Radon is produced naturally within the earth’s crust during the breakdown of radioactive elements. It is a colorless, odorless, radioactive gas that makes its way upward towards the earth’s surface and can collect in the low-lying areas of buildings with foundation cracks or poor ventilation. Radon is then inhaled with normal air, and the radioactive alpha particles collect in the lungs where they rapidly decay while delivering a dose of radiation. There are no immediate symptoms from exposure to radon, and the level and duration of exposure required to cause cancer are unknown. Some studies have reported an increase in the risk of leukemia in children living in areas with high levels of radon. With on-going exposure, such as spending time in the basement of an affected home, the risk of lung cancer – which would appear many years later – rises.

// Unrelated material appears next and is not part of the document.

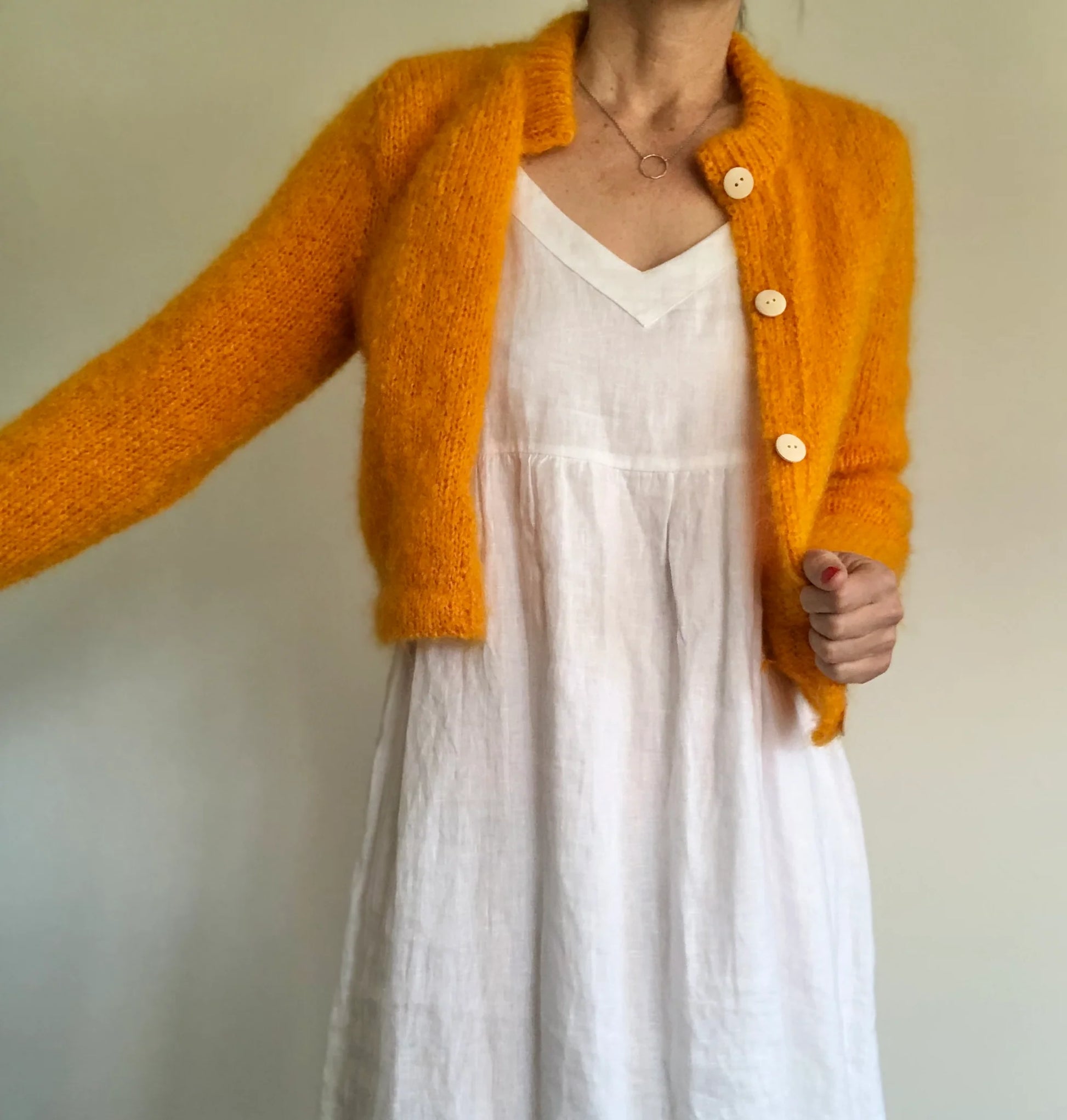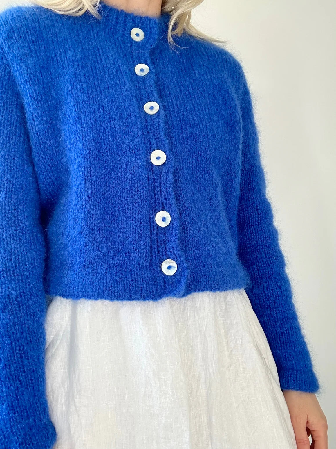 A cute classic crew neck adults cardigan, Sadie is worked in pieces on straight needles from the bottom up.

Radon is found all over the United States and can appear in pockets even in areas where levels are generally low. Many homes may be affected, depending on local geography and building materials used in construction. In 2005 more residences had radon levels above the EPA reference level than at any other time in history, nearly one home in 15. Click here for a map of radon zones in the US. It is important to remember that radon has been detected in homes in all three zones, so this map should not be used to decide whether your home or school should be tested.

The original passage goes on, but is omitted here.